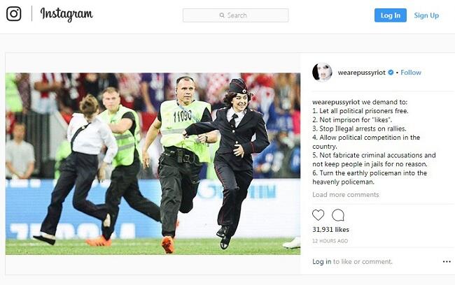 Kelompok aktivis anti-Kremlin ini mengklaim bertanggung jawab atas kejadian beberapa orang yang masuk dan berlarian di lapangan selama pertandingan final Piala Dunia antara Perancis vs. Kroasia pada hari Minggu kemarin.
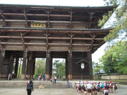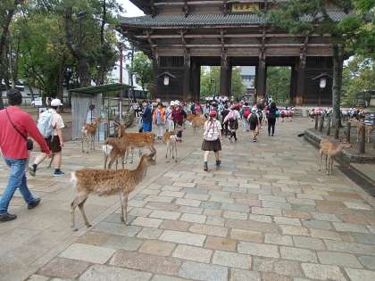 奈良公園では、シカが出迎えてくれました。東大寺も超満員です。
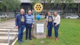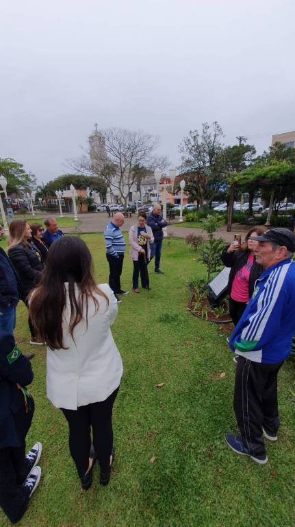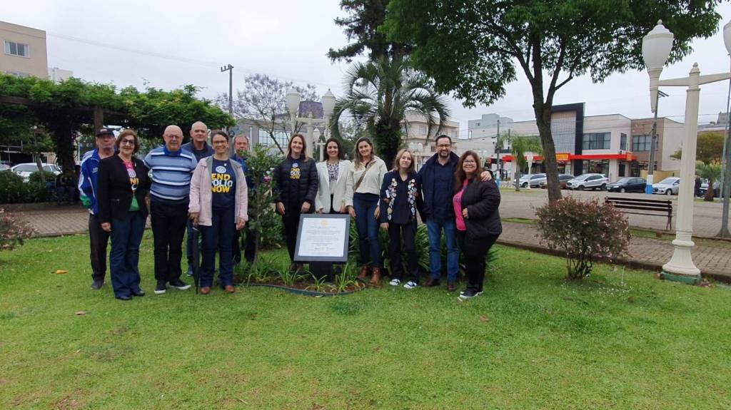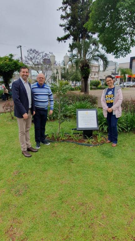 Iniciamos inaugurando o marco da Árvore do Rotary na praça central.

-------

▶ [ASSIGNMENT]: Every line above is to be reproduced verbatim, and the pictures are to be omitted.

▶ [ANSWER BELOW]:
 Kelompok aktivis anti-Kremlin ini mengklaim bertanggung jawab atas kejadian beberapa orang yang masuk dan berlarian di lapangan selama pertandingan final Piala Dunia antara Perancis vs. Kroasia pada hari Minggu kemarin.
 奈良公園では、シカが出迎えてくれました。東大寺も超満員です。
 Iniciamos inaugurando o marco da Árvore do Rotary na praça central.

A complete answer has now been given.